# Olcott NY salmon



## HookedUp (Dec 31, 2010)

I have a few openings available for the first of August. Contact me for details.


----------



## HRCHLab (Jan 14, 2008)

HookedUp said:


> I have a few openings available for the first of August. Contact me for details.


I’ll be there starting the week of the 29 of July. Maybe we can share some info


----------



## HookedUp (Dec 31, 2010)

Absolutely. Ill be out there starting on the 29th also


----------



## michsportsman35 (Mar 19, 2009)

Anybody been fishing? How has it been?


----------



## BigEyeHunter (Nov 26, 2003)

I’m heading over this weekend, will let you know


----------



## Decoy Hound (Apr 21, 2018)

Fishing is still a little slow compared to the last couple years. Did manage to go 6/10.


----------



## Cat Power (Jan 6, 2013)

Sea Dek is awesome


----------



## BigEyeHunter (Nov 26, 2003)

Fishing was solid. We landed over thirty fish in two days. No giants but a couple over twenty. 
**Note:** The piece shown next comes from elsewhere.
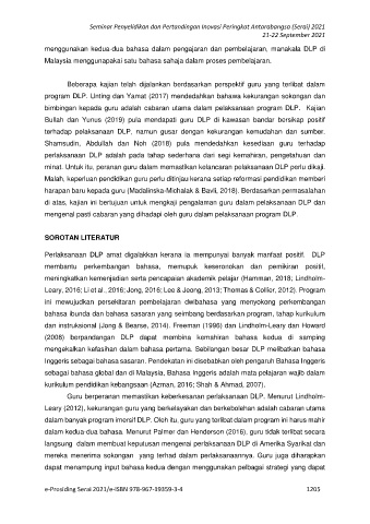 menggunakan kedua-dua bahasa dalam pengajaran dan pembelajaran, manakala DLP di
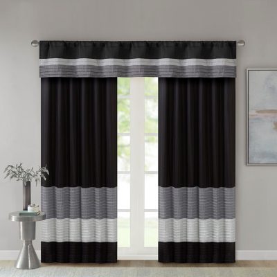 Madison Park Amherst Polyoni Pintuck Window Valance in Black, 50×18″ MP41-2226

Best depth was 185-210. Fishing 50-70 feet down. Flies ruled! We could not get meat or spoons to fire.


----------



## BigEyeHunter (Nov 26, 2003)




----------



## HookedUp (Dec 31, 2010)

2 open spots still available


----------



## michsportsman35 (Mar 19, 2009)

Anybody in point breeze area wanna fish in the next couple days I'm fishing solo..lmk...


----------



## Decoy Hound (Apr 21, 2018)

Fishing’s been great!!


----------



## BigEyeHunter (Nov 26, 2003)

Heading back next weekend sat-Mon. Anybody going let me know. We will again be staying at golden hill


----------



## gatorman841 (Mar 4, 2010)

BigEyeHunter said:


> Heading back next weekend sat-Mon. Anybody going let me know. We will again be staying at golden hill


It was mainly a steel bite for us this evening , did get a cpl Kings biggest around 15#s I’d guess. 5 color and 10 color took most of our hits, cpl misses on the dipseys and 1 king. Nothing on riggers. Found marks like crazy right at dark , hope they there in the Am for me and michsportsman. I know one thing I will be planning lots of future trips here, we hit a nice double right before dark a fat king and a nice steelie. Not sure if this is for New York residents only but seen this at Walmart here in town.


----------



## cuda man (Mar 6, 2008)

gatorman841 said:


> It was mainly a steel bite for us this evening , did get a cpl Kings biggest around 15#s I’d guess. 5 color and 10 color took most of our hits, cpl misses on the dipseys and 1 king. Nothing on riggers. Found marks like crazy right at dark , hope they there in the Am for me and michsportsman. I know one thing I will be planning lots of future trips here, we hit a nice double right before dark a fat king and a nice steelie. Not sure if this is for New York residents only but seen this at Walmart here in town.
> View attachment 420083


Been going over there the last 3 years and never been disappointed, have a trip planned for this coming weekend but it ain’t looking good, nothing like a big king ripping line. You guys running any meat , heard the meat bite is taken over right now?


----------



## michsportsman35 (Mar 19, 2009)

I'm heading back 16-23th going to be fishing solo some of those days so if anybody wants to fish out of point breeze let me know


----------